Sono 18.501 i migranti e i rifugiati la cui morte o scomparsa è stata accertata negli ultimi tre anni a livello mondiale, durante il viaggio intrapreso per raggiungere la destinazione. Tra il 2015 e il 2016 vi è stato un incremento del 30.6% nel numero di vittime, passando da 5.740 a 7.495. È il Mediterraneo il luogo in cui, su scala globale, migranti e rifugiati hanno incontrato più spesso la morte: 5.079 nel 2016, quasi il 68% delle vittime a livello mondiale; è, infatti, l’annegamento la prima causa di decesso. Ogni 71 persone che ce l’hanno fatta ad attraversare il Mare Nostrum nel 2016, una ha perso la vita.
Il progetto dell’Oim “Missing Migrants” punta a tracciare in modo sempre più dettagliato i decessi di migranti e rifugiati. “Probabilmente non conosceremo mai il vero numero delle tragedie – ha affermato Joel Millman – Speriamo arrivi il giorno in cui questi numeri inizino a abbassarsi. Ma potrebbe non verificarsi presto”.
A diffondere i dati l’Organizzazione mondiale per le migrazioni, la quale precisa che l’incremento non è da attribuirsi solo a un inasprimento delle condizioni e dei pericoli affrontati da migranti e rifugiati lungo le rotte della migrazione, ma è dovuto anche a un migliorato sistema di rilevamento e registrazione dei decessi, il quale, tuttavia, continua a offrire solo una fotografia parziale della tragedia in corso. “Questi dati sono semplicemente scioccanti, – ha dichiarato William Lacy Swing, direttore generale dell’Oim a Ginevra – Si tratta di 1.096 giorni, secondo il calendario: circa 20 morti al giorno. E non crediamo di essere neppure lontanamente vicini a contare tutte le vittime. Il tempo di contare è passato: dobbiamo agire per rendere l’immigrazione legale e sicura per tutti“.

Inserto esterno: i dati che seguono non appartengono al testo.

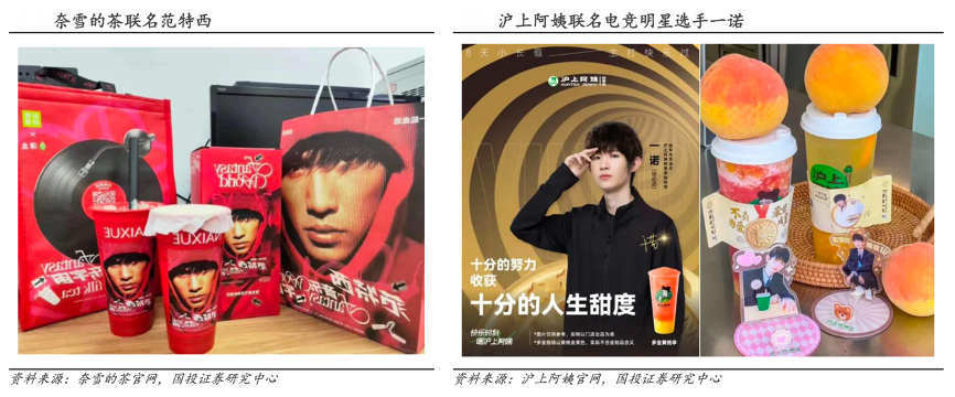 經典案例:根據奈雪的茶官網、滬上阿姨官網、國投證券研究中心等綜合資訊表明,2023 年 9 月,在周杰倫《范特西》專輯 發行 22 周年之際,奈雪的茶聯名薄盒上線范特西音樂宇宙系列聯名產品,同時還推出了 CD 造型的杯墊、印有周杰倫專輯封面的不銹鋼杯子和手提袋,引發了一波打卡熱潮。在 2023 年亞運會開幕前夕,滬上阿姨就邀請了一諾擔任鮮果茶體驗官,消息已經發出一度刷屏了電競愛好者的社交媒體。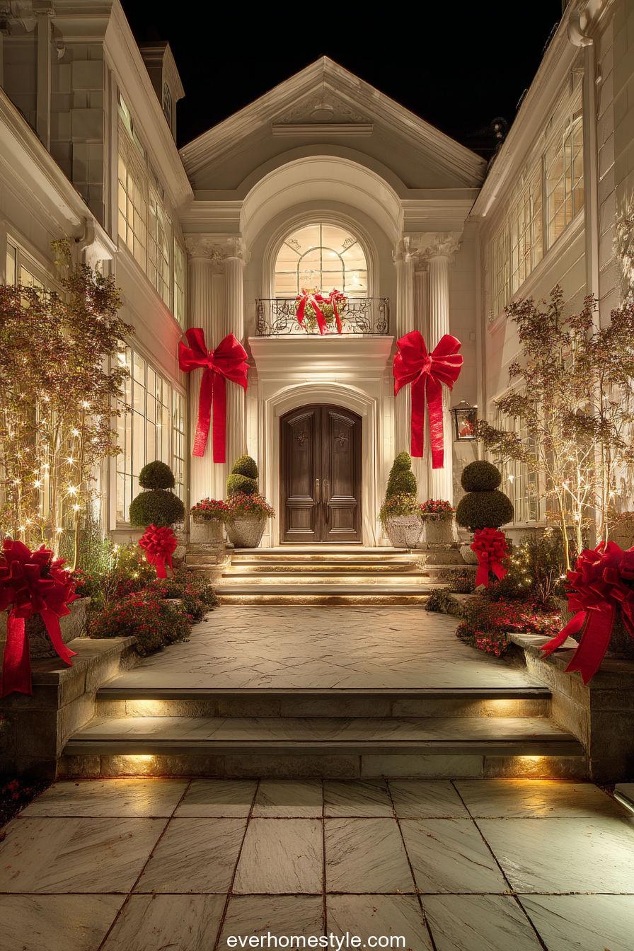 An opulent display of symmetry with velvet red bows and golden lighting, turning your mansion entrance into pure holiday elegance.
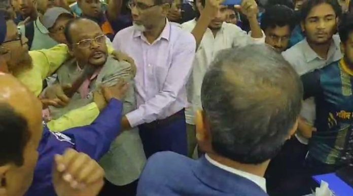 প্রত্যক্ষদর্শীরা জানান, উপউপাচার্য ও প্রক্টরিয়াল বডির মধ্যে বাকবিতন্ডার শুরু হয়। একপর্যায়ে সহকারী প্রক্টর অধ্যাপক ড. ফকরুল ইসলামকে ধাক্কা দেন উপ-উপাচার্য। উপ-উপাচার্য প্রক্টরকে ‘জামায়াত’ আখ্যা দিলে দুজনের মধ্যে উত্তপ্ত বাক্য বিনিময় হয়। তবে উপ-উপাচার্য এসব অভিযোগ অস্বীকার করেছেন।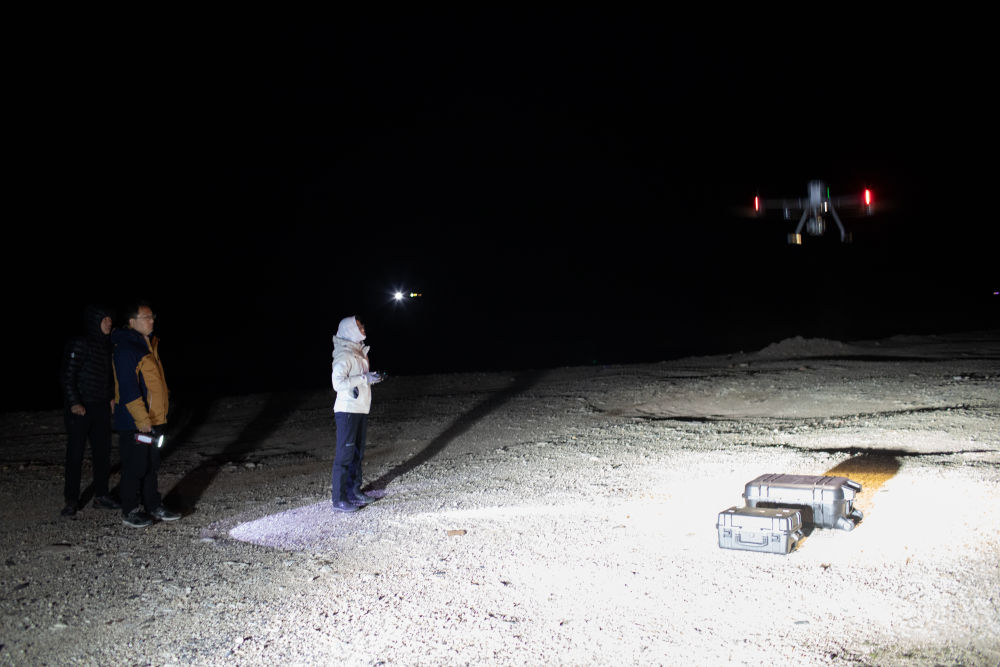6月16日凌晨,連新明團(tuán)隊(duì)使用無(wú)人機(jī)監(jiān)測(cè)藏羚羊遷徙途中的夜宿地。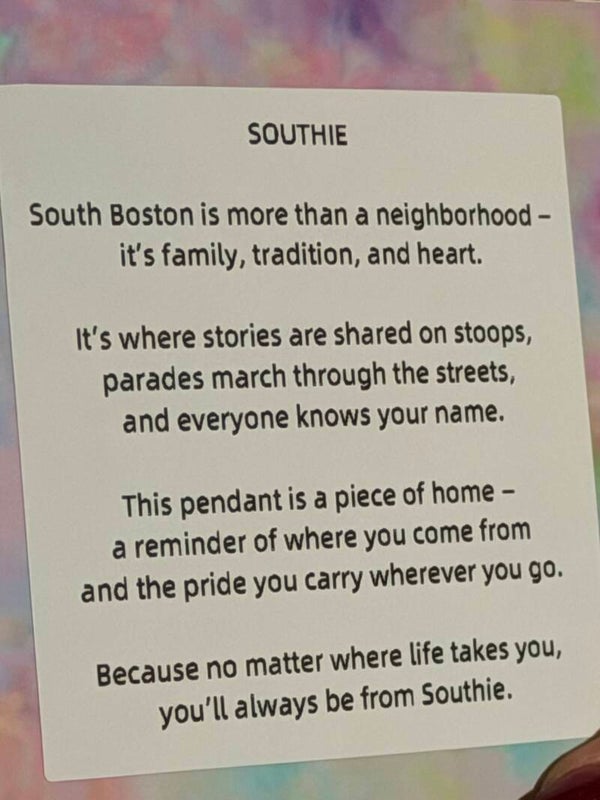 Southie 20mm stainless steel charm on 18" necklace.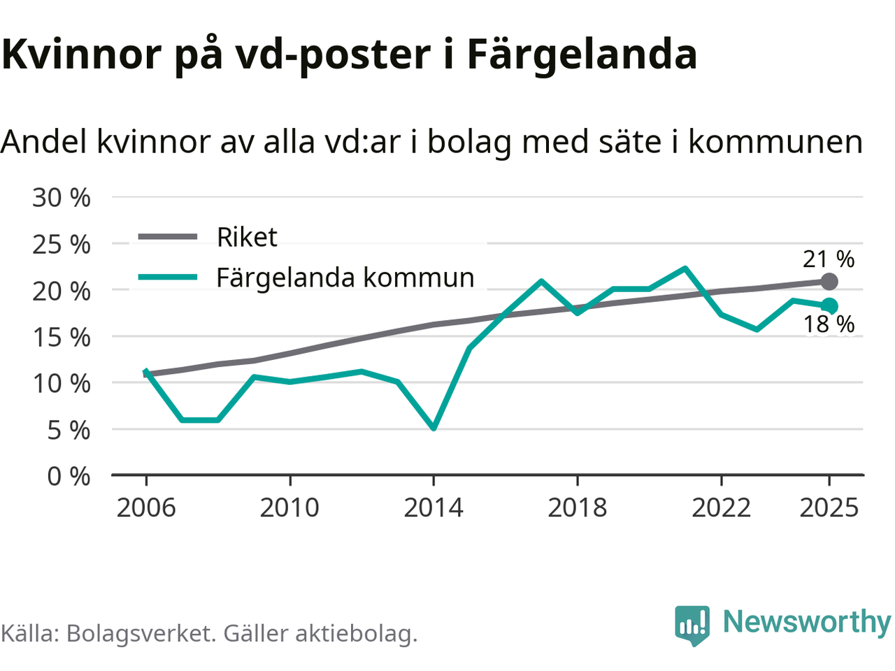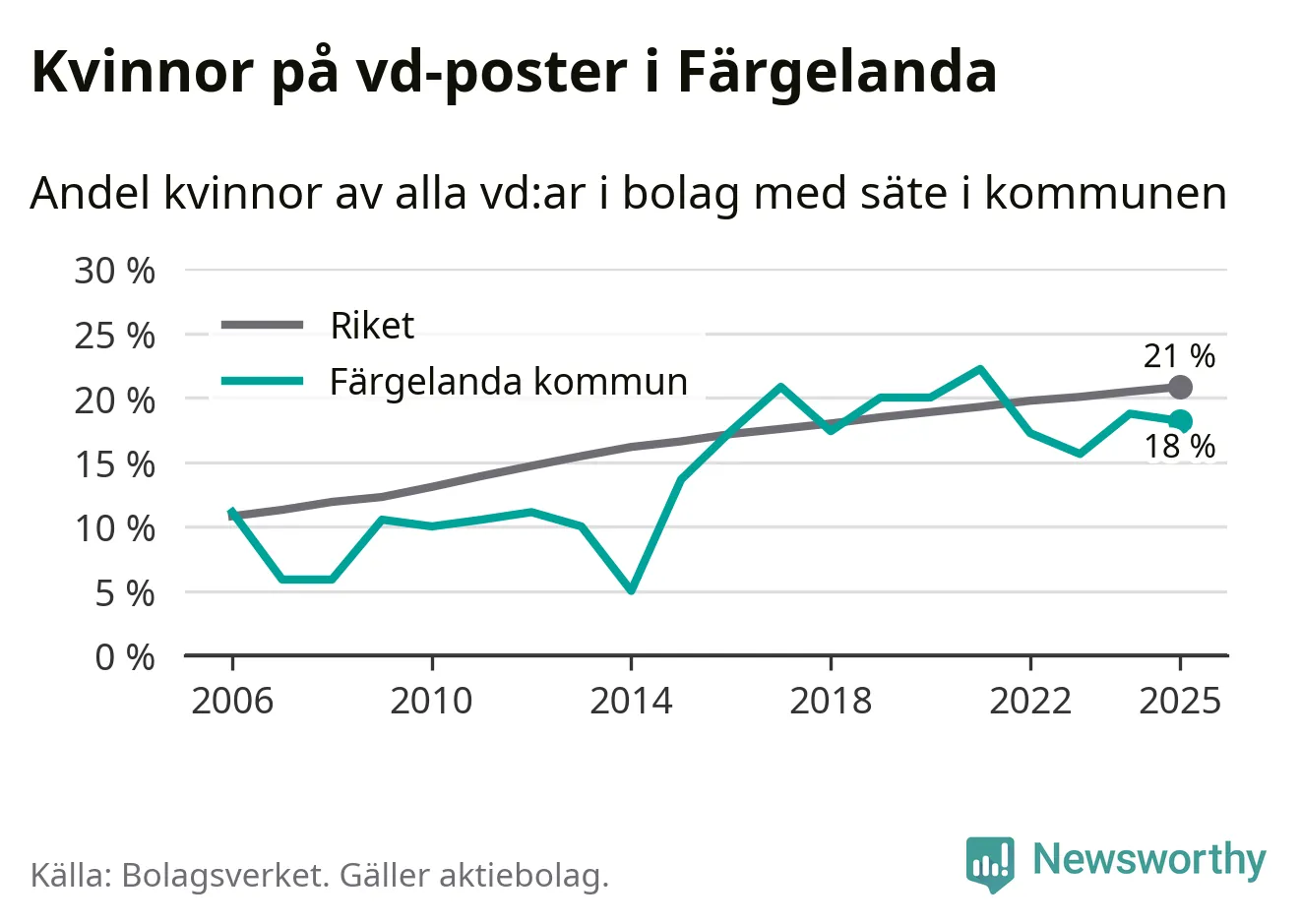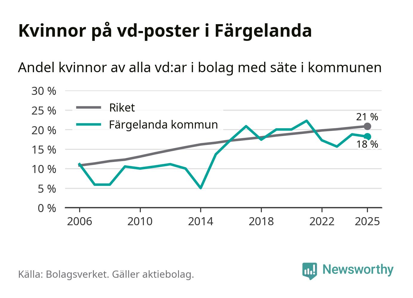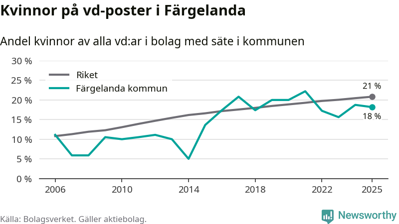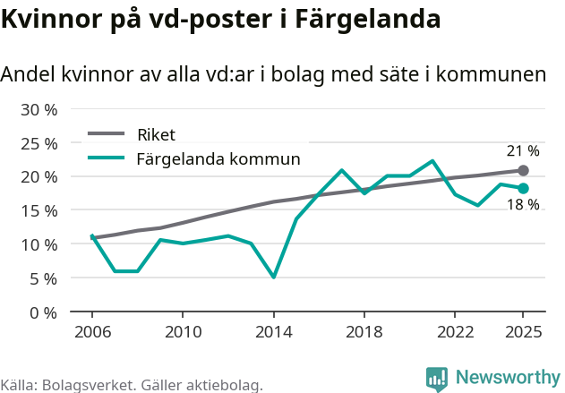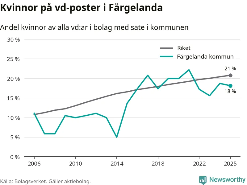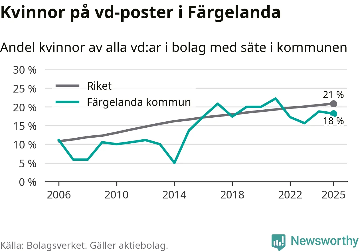 18 procent av aktiebolagen med registrerad vd i Färgelanda hade en kvinna på posten vid årsskiftet. Det innebär att på varje kvinnlig vd går fyra män.

Il Mediterraneo – e in particolare quello centrale – continua a essere una delle principali rotte a livello mondiale e il luogo dove più spesso migranti e rifugiati incontrano la morte.
Secondo gli analisti dell’Organizzazione internazionale per le migrazioni sono due le principali tendenze che questi dati indicano. La prima consiste nel fatto che rotte ormai consolidate come il corridoio che collega l’America latina a quella del Nord e il Mediterraneo centrale continuano a essere percorse costantemente, nonostante i tentativi dei paesi di destinazione di frenare i flussi. La seconda è relativa a un significativo ruolo dei social media e della tecnologia nel rilevamento degli incidenti: un sempre più ampio ricorso a essi da parte di migranti e rifugiati, consente loro di comunicare ad altri il verificarsi di incidenti; l’aumento delle morti e delle scomparse accertate sarebbe dovuto, in parte, a questa ragione e non solo, dunque, a una maggiore pericolosità delle rotte intraprese. “I migranti – non importa quanto basso sia il loro livello di educazione o quanto siano poveri – sono in comunicazione quasi costante con chi segue i loro progressi”, spiega Joel Millman, che per l’Oim ha documentato gli incidenti del 2016 in Europa, Africa e America latina. E aggiunge: “Molte volte sono i migranti stessi i primi a denunciare la morte dei compagni di viaggio“.